Hoje sinto a solidão mais gelada que já esmagou meu coração.
Parece que há toneladas sobre o meu peito, impedindo-me de respirar e sufocando a pulsação do meu sangue.
Está frio… úmido e escuro.

Estou cansada, esgotada e sem perspectiva adiante.
É nojento e doentio… Há sempre milhares de pessoas ao redor, amigos, colegas, conhecidos e desconhecidos.

Conversas, bate-papo, passatempo, flerte, reflexão…
tudo junto, tudo um pouco, tudo muito, ao mesmo tempo, separado…
É sempre cheio de vozes por perto.
As pessoas olham e veêm uma mulher inteligente, bonita, independente, segura, extrovertida, carinhosa, fiel, dedicada…

Mas não há uma única alma que enxergue a solidão.
Um único coração capaz de acabar com esse vazio.
Chega de pessoas reclamando de seus dissabores amorosos incapazes de dar uma nova chance quando a oportunidade se apresenta.

Basta àqueles que acreditam que não existam mais pessoas interessantes o suficiente à sua altura.
Fim àqueles que não acreditam mais.
Que o pó coma os que covardes a ponto de não investirem, de não se entregarem ao calor de um beijo.

Desejo o tempo, sim…
nada mais impiedoso que ele…
para aqueles que não conseguem deixar que as coisas aconteçam naturalmente, aqueles que querem colocar o amor num cronograma.

Relacionamentos, sentimentos não são projetos.
Por que tentar prever o amanhã?
Quero pessoas maduras, seguras, corajosas e honestas o suficiente para se arriscarem a conhecer alguém.

Pessoas que estejam dispostas a sair e dedicar um tempo às outras pessoas.
Movidas pelo incontrolável desejo de sentir o sangue pulsando em suas veias.
Mantidas pela entrega à emoção do momento.

Não estou dizendo “aproveite e saia com todos”,
não estou dizendo aproveite o “ficar cada dia com alguém diferente”.
Muito pelo contrário, estou dizendo “arrisque-se a realmente estar com alguém”.
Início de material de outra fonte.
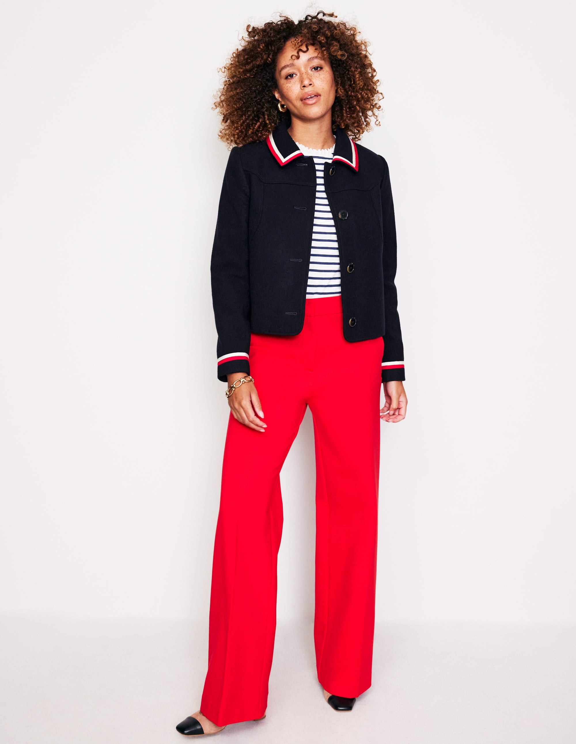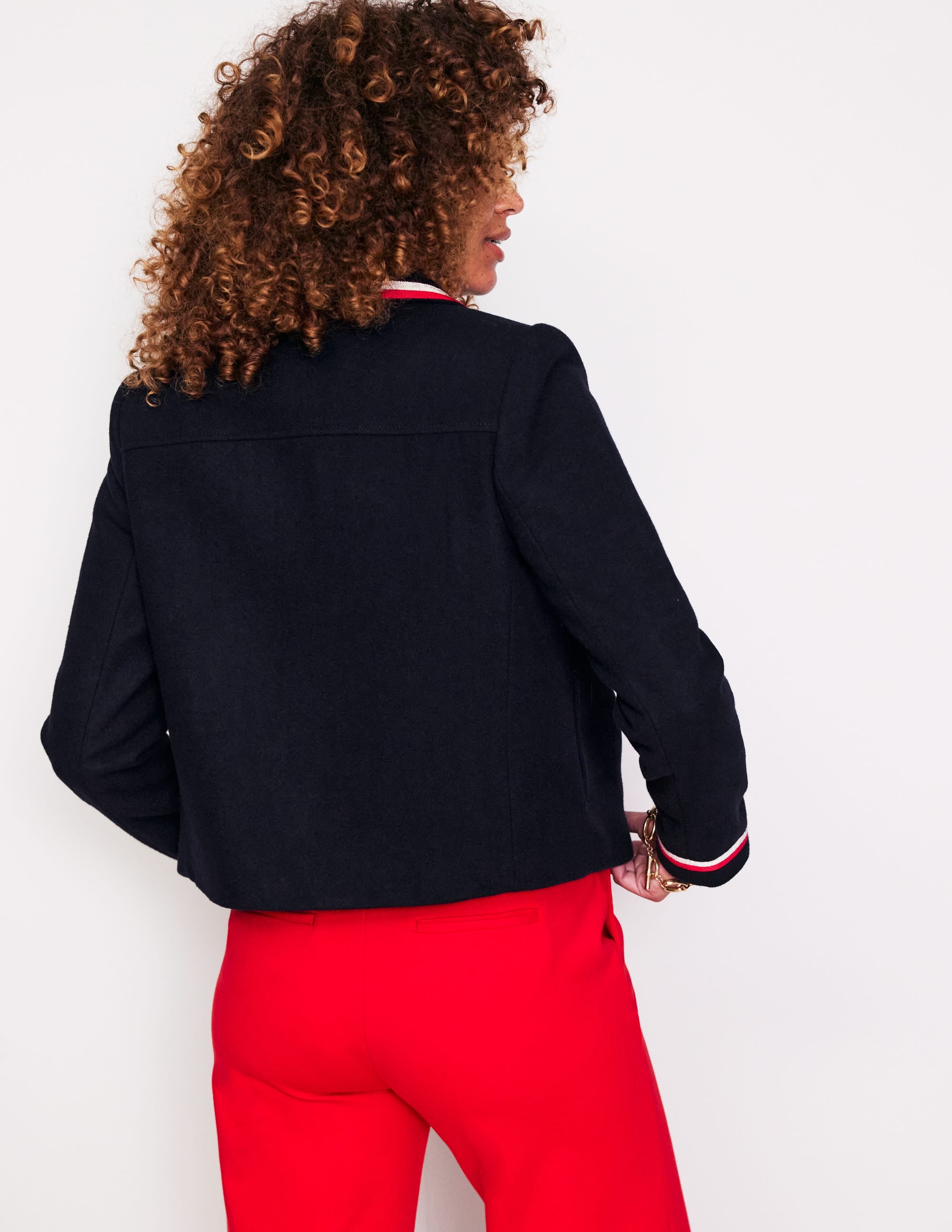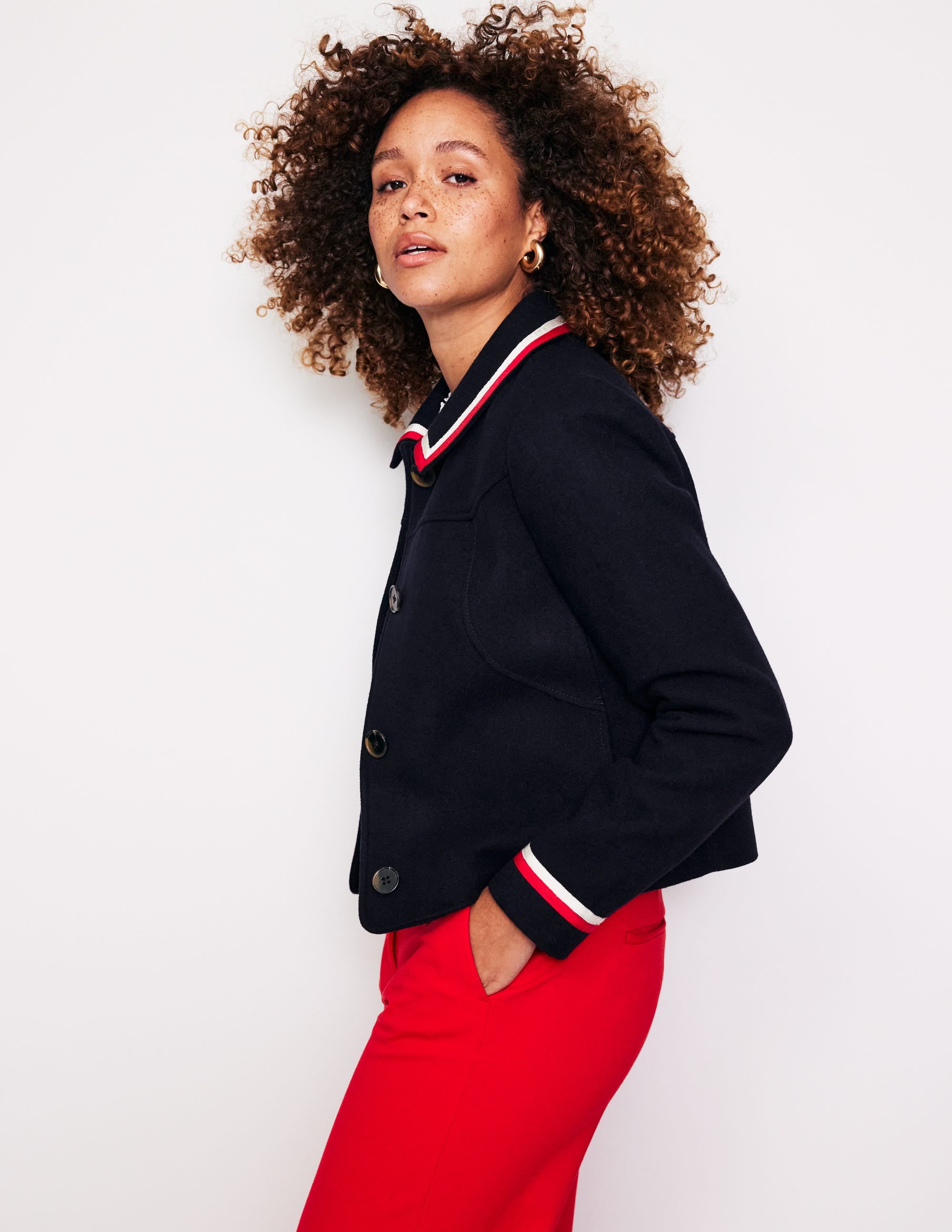 Cut to a cropped silhouette our Oxford Melton jacket is endlessly versatile. It pairs just as easy with jeans and trainers as it does smart trousers and heels.
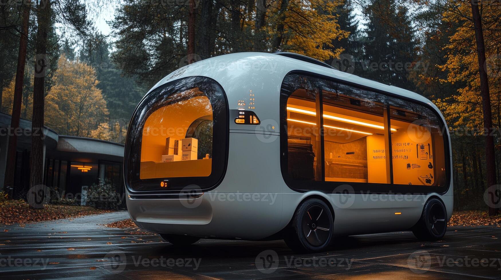 An autonomous delivery vehicle operates in a forested urban environment, showcasing advanced technology. The sleek design is illuminated, highlighting the innovative features and functionality. Pro Photo
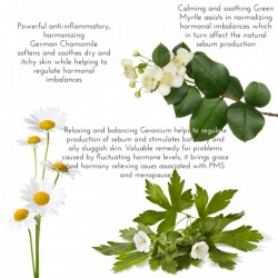 Calming and soothing Green Myrtle assists in normalizing hormonal imbalances which in turn affect the natural sebum production.
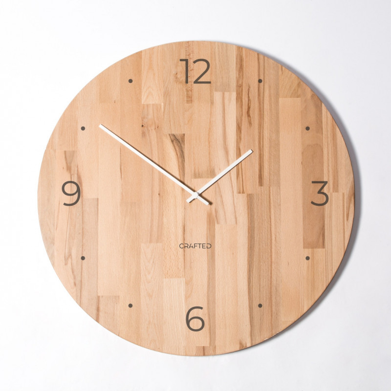 Dřevěné hodiny z bukového dřeva mají průměr 60 cm. Hodiny mají bílé ručičky ukazující čas a pálený ciferník je velice přehledný – číslice 12, 3, 6 a 9 jsou vypáleny a mezi nimi jsou tečky, které nahrazují číslice.
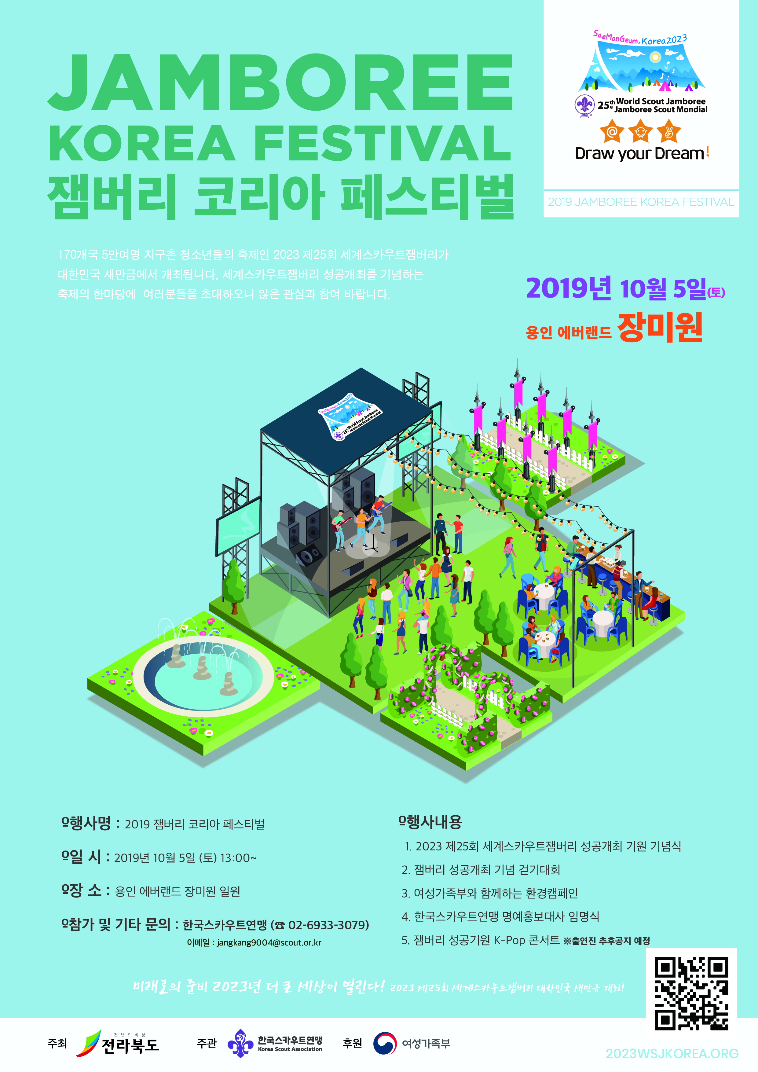 ‘2023 새만금 제25회 세계스카우트잼버리(이하 ‘2023 세계잼버리’)’의 성공적인 개최를 기원하는 ‘2019 잼버리 코리아 페스티벌(축제)’이 오는 2019년 10월 5일(토) 용인 에버랜드에서 개최됩니다.
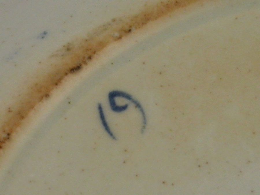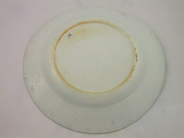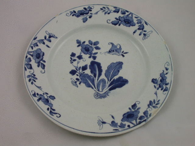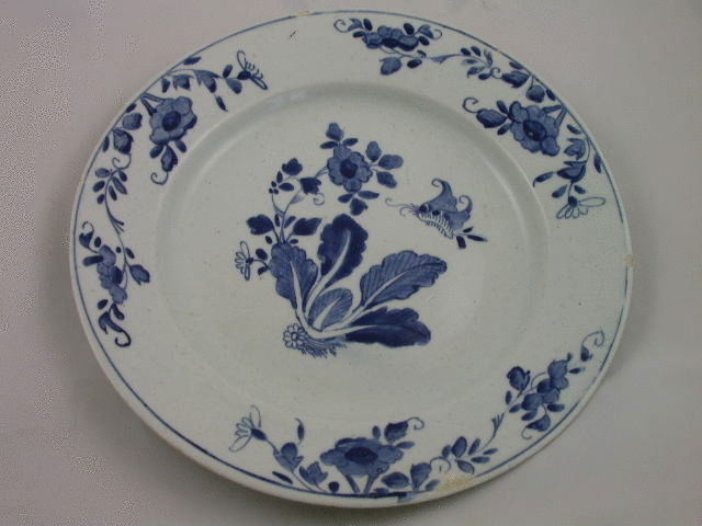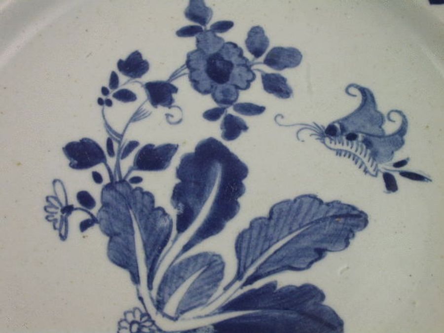 A wide rimmed Bow warped deep Plate with countersunk base, painted in blue with a plant with primula leaves, flowers in outline and profile and a large insect. The rim decorated with floral and foliate sprays within a line border. c1755.
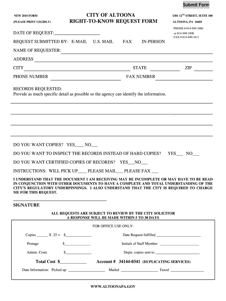 Submit Form CITY OF ALTOONA RIGHTTOKNOW REQUEST FORM NEW 2010 FORM (PLEASE PRINT LEGIBLY) 1301 12TH STREET, SUITE 100 ALTOONA, PA 16601 PHONE # 8149492486 DATE OF REQUEST: or 8149492408 FAX # 8149492411

Sinta a intensidade do contato com uma outra pele.
Quero pessoas que ousem dizer o que pensam e sentem de verdade.
Quero pessoas que possam se envolver aos poucos, que possam se entregar e se deixar deslumbrar pelas diferenças,
Que queiram se sentir novamente encantadas,
Que consigam dizer que gostaram, que possam falar “mais uma vez”,
Que estejam totalmente à vontade e ao mesmo tempo conscientes de que podem dizer “então, quando é que vamos nos ver de novo”

Sabendo que esse carinho demonstra uma atitude sincera e corajosa, mas que isso não significa um compromisso.
Pessoas maduras, relacionamentos sinceros e jogo limpo…
ou, por que não chegar ao “sem jogo”?

Por que não alcançar o apaixonar-se naturalmente?
Da única maneira que isso pode acontecer como uma mágica sem explicação…
que você nem viu acontecer, mas que te faz sorrir.